どこの馬の骨とも知れないモンスターとラスボス戦に挑むのは嫌だったので、ビアンカ、かごまる(男の子の名前)、あるみ(女の子の名前)と共に挑む。
第二形態の1回目の攻撃でいきなり1人即死、他の人も瀕死状態になり、さすがに強すぎるだろ…と引いたが、どうにか倒すことができた。
スクルト(味方の守備力を上げる)を覚えている人がいなかったのできつかった。←男の子が覚えていたみたい。あと、普通はフバーハを使うらしい。

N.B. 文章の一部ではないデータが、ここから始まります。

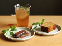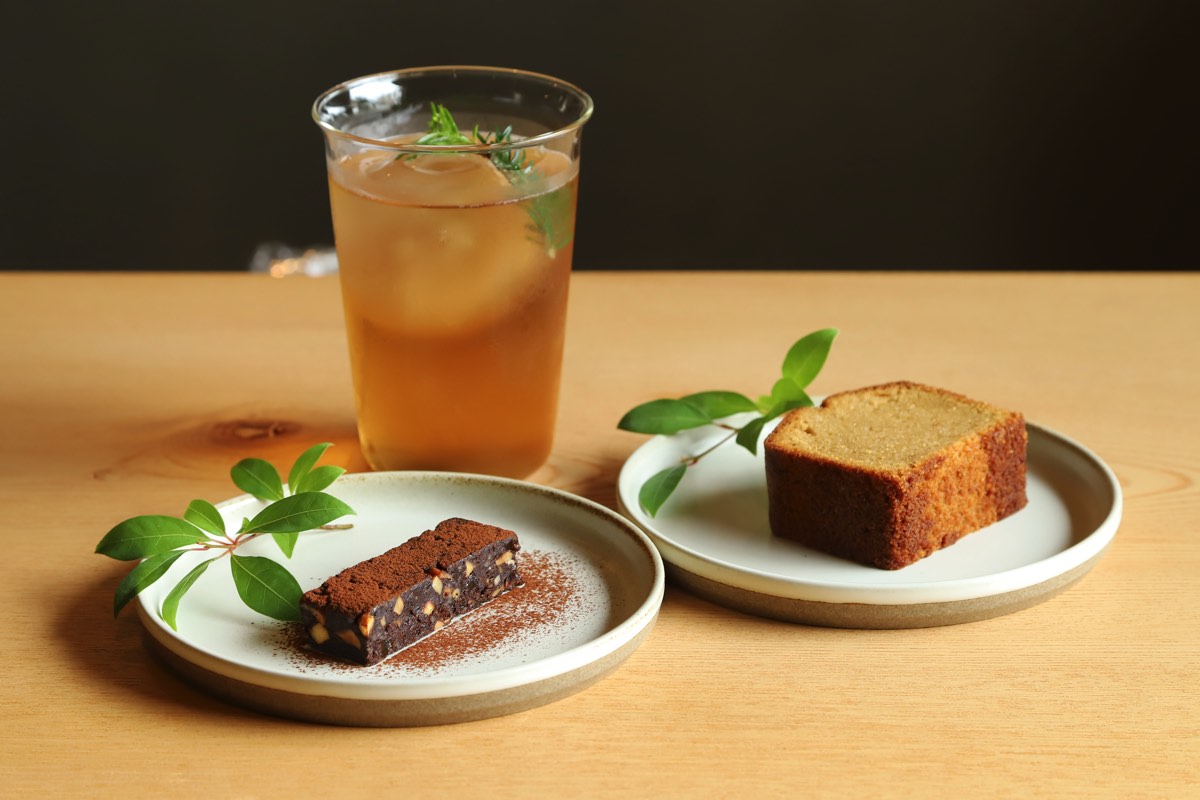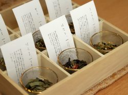 森をイメージした春夏秋冬のブレンドを楽しめる草木茶と小菓子のほか、黒文字の香るオーガニックオーツチャイや緑茶ブレンドなどが楽しめる。
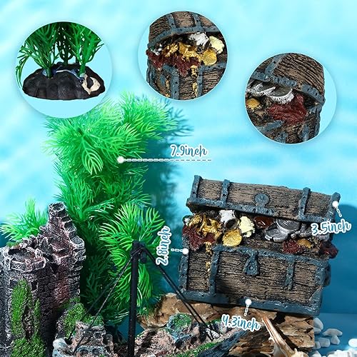 Complete Aquarium Decorations Package: our package includes a castle, a sunken shipwreck, a chest box, and seagrass, fulfilling most fish habitat decoration needs; These pieces add much needed diversity to your fish tank, providing caves of different sizes for your fish to explore and play, amplifying the happiness of owning an aquarium
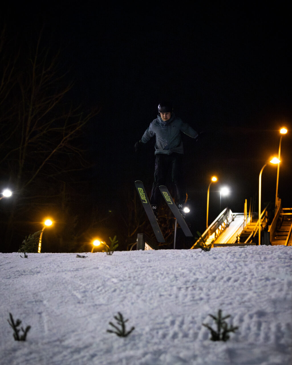Ski jumping practice takes place in the Karpalo area on Monday evenings. The four ski jumping hills of different sizes enable training for beginners, and everyone can build up their skills at their own pace.
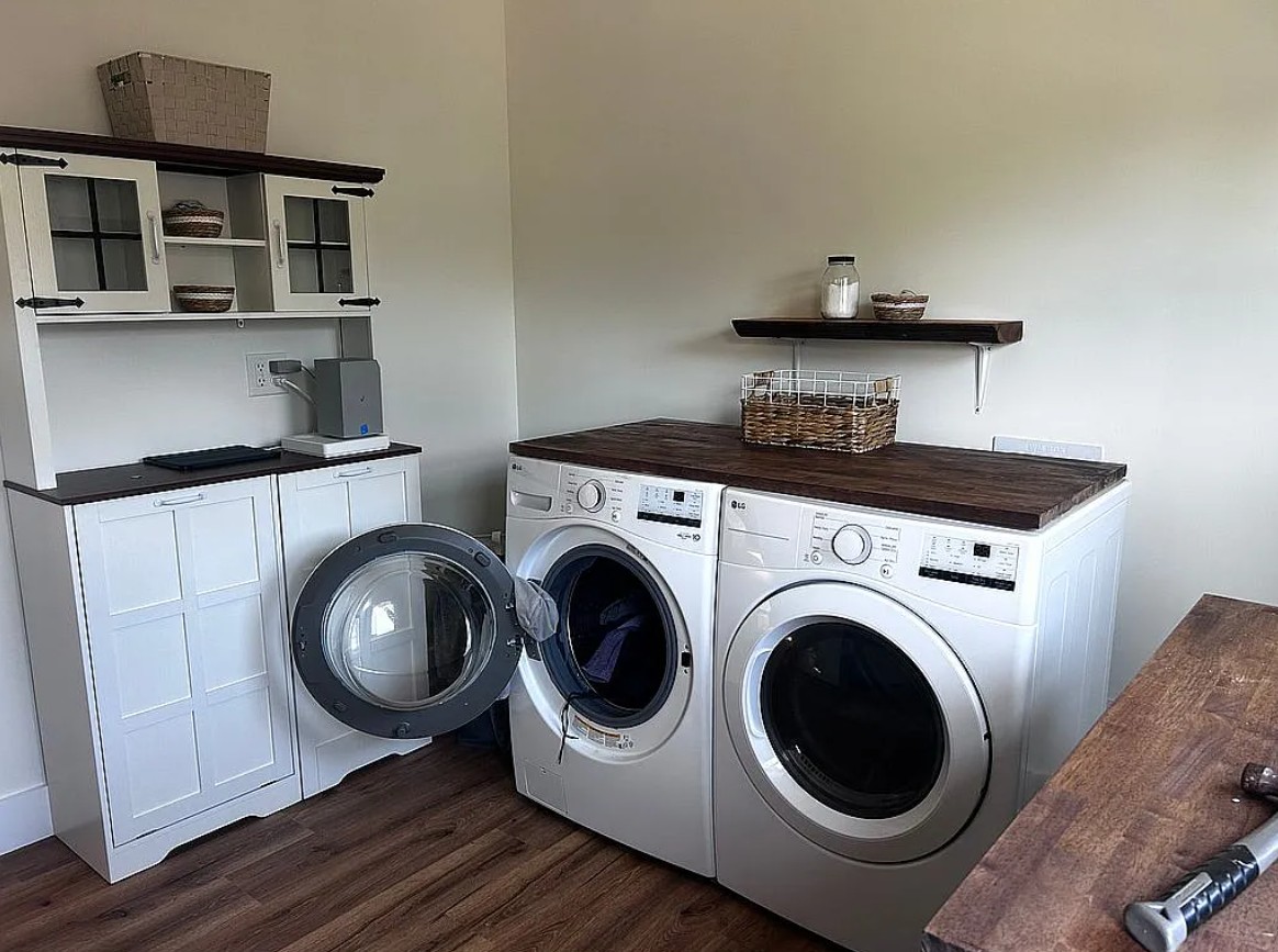 A 300 sq ft loft with pull-down stairs provides ample additional storage.
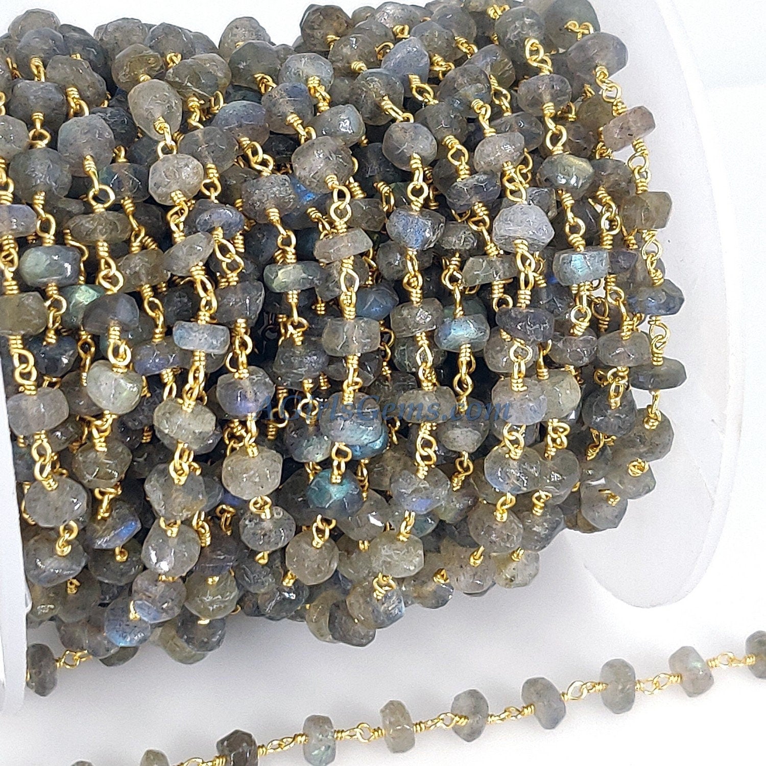 22k Gold Plated Labradorite Gemstone Beaded Rosary 6 mm Chains, Wholesale Boho Wire Wrapped Rondelle Jewelry 1 5 10 feet Chain Roll Bulk
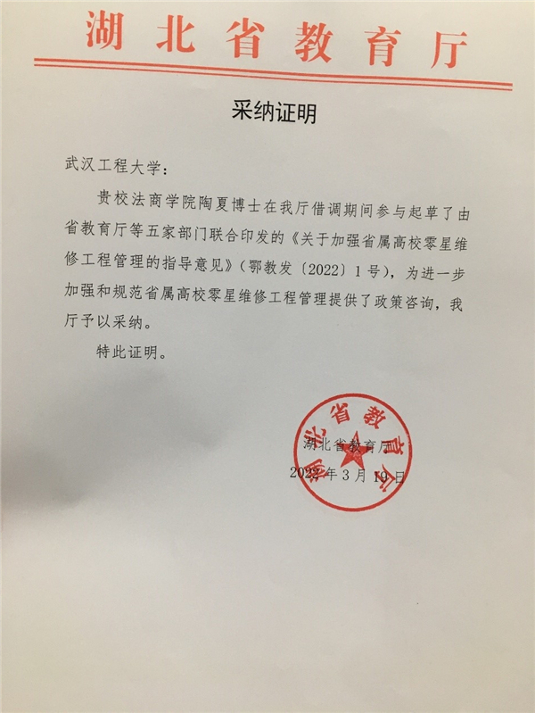 (通讯员 穆海梅)由金沙信心之选官网4166am金沙信心之选青年教师陶夏博士参与起草的《关于加强省属高校零星维修工程管理的指导意见》被湖北省教育厅采纳,并制文发布(文号:鄂教发〔2022〕1号),陶夏博士为进一步加强和规范省属高校零星维修工程管理提供了政策咨询。
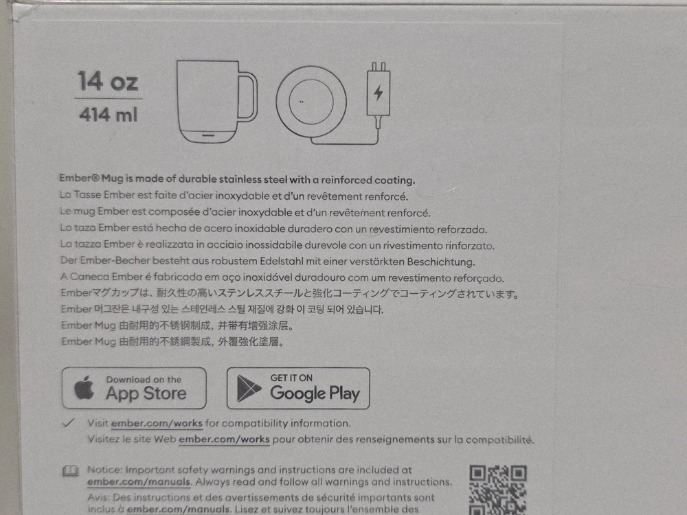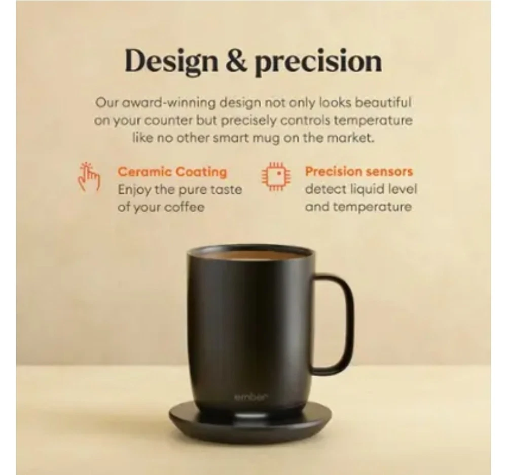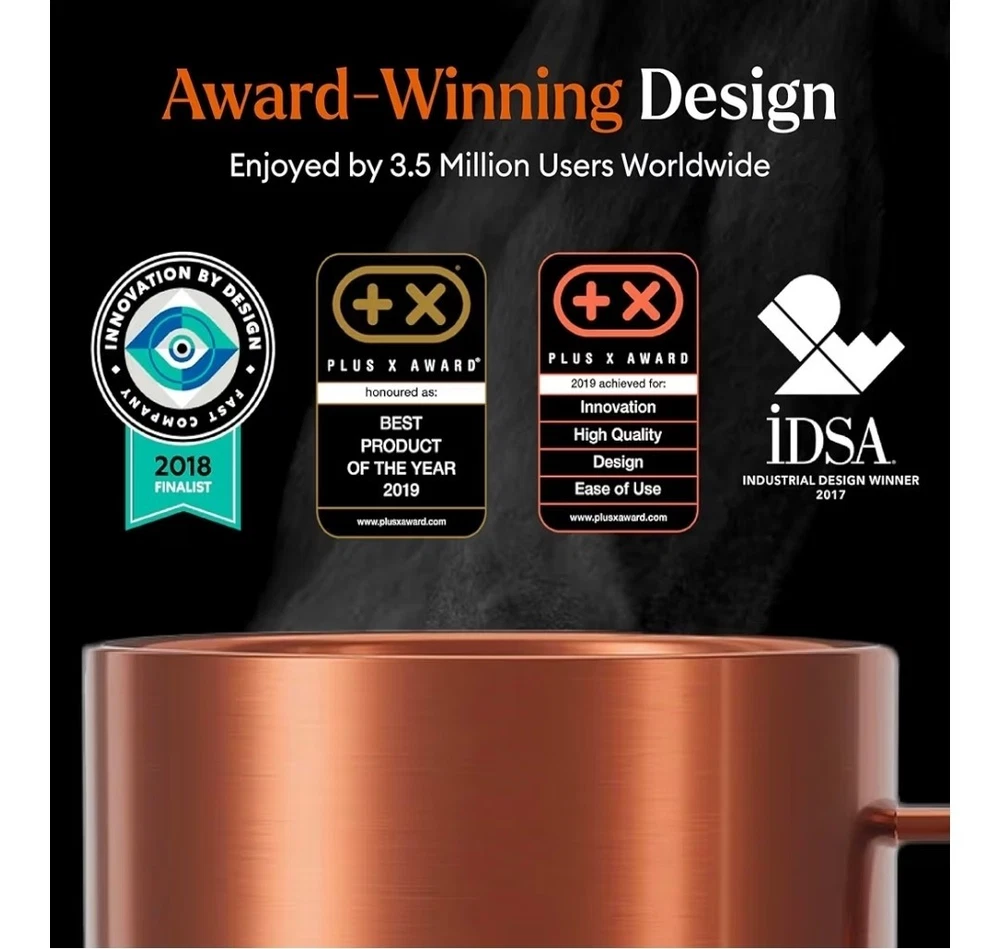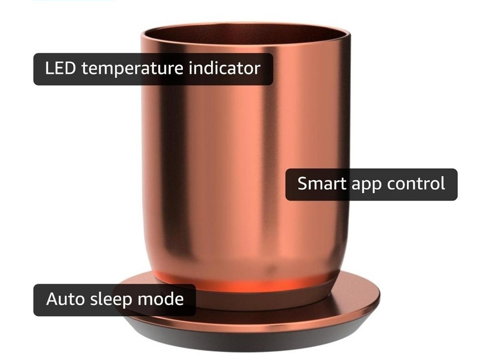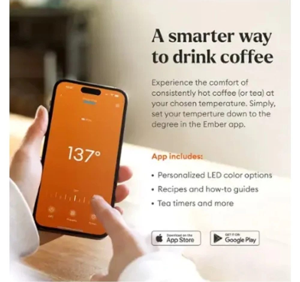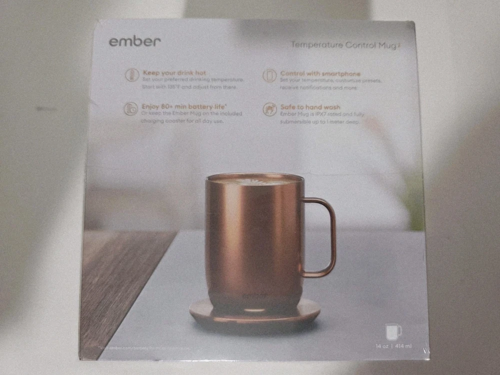OVERVIEW Ember Mug 2 Copper Edition is a brilliant new take on Ember’s classic smart mug, and is guaranteed to make every morning shine. Ember allows you to set your preferred drinking temperature (120°F – 145°F), so you can enjoy your hot drink—just the way you like it— from the first sip to the last drop. Ember Mug 2’s built-in battery maintains your chosen drinking temperature for up to 80 minutes, or all day with the included charging coaster. FEATURES Sip And Savor Capacity: 14 oz (414 ml) Dimensions: 4.60 in (117.0 mm) x 3.46 in (88.0 mm) Weight: 16.01 oz (457 g) Long Lasting Battery Life Maintain your perfect drinking temperature in the Ember Mug 2 for 80 minutes on a single charge or all day on the included Charging Coaster 2. Charge Status Indicator Set your empty Ember Mug on the included Charging Coaster 2 to charge. The smart LED light on the front of the Mug will breathe red when charging and be solid green when fully charged. The LED is white when heating or monitoring a hot beverage. Easy Cleaning Every Ember Mug 2 is IPX7 rated for full underwater submersion making your Mug easy to hand wash, rinse or soak Your Temperature, Your Way Set the temperature of your hot drink down to the degree. Start with the preset 135°F or select your favorite temperature from a range of 120°F to 145°F (48.9°C to 62.8°C). Auto Sleep Simply start pouring to turn on your Ember Mug 2. When empty, it will automatically enter sleep mode to conserve power. Ember intelligently turns on and off using patented sensors to detect liquid level and temperature. Ember App Once you’ve paired your Ember Mug 2 to the Ember app, remotely set your drinking temperature, save presets for all your favorite drinks, try our tea steeping timers, or personalize the smart LED to your favorite color. The Ember App is compatible with iOS and Android devices. No More Microwaving Enjoy your hot beverages for hours without ever using a microwave. For safety reasons, the Ember Mug 2 should never be placed in a microwave oven. What's Included?? Ember Mug 2, 14oz, Copper, Charging Coaster, Power Adapter, Quick Start Gui⁵⅘

フバーハとか存在すら知らなかったなあ。
というわけで守備はザルだったので、毎回攻撃を素の状態で食らって、主人公と男の子のベホマと、ビアンカの持つけんじゃのいしで回復しつつ、女の子のバイキルトで攻撃を上げて、余裕があれば主人公と男の子は直接攻撃、ビアンカメラゾーマ、女の子はイオナズンで攻撃、いざとなったら世界樹の葉とエルフののみぐすりを使用という微妙な戦術だった。


いやーしかし面白かった。
全体を貫くテーマとしては、やはり「受け継がれる想い」とそういうのがあって、それがいいですよね。両親の果たせなかった思いを自分の子どもが果たすという。ぐっとくる。
石化した主人公を子どもたちが救いに来たときが一番感動しました。
主人公の子どもが伝説の勇者で、主人公はそうではないというのが独特の味になっているのかも。主人公の「職業」が、「ゆうしゃのちちおや」になったのを見て、最初は「何だ、主人公は勇者を産む機械かよ」と思ったのですが、だからこそ、子どもによって悲願が果たされたときのカタルシスも大きくなる面もあるかもしれません。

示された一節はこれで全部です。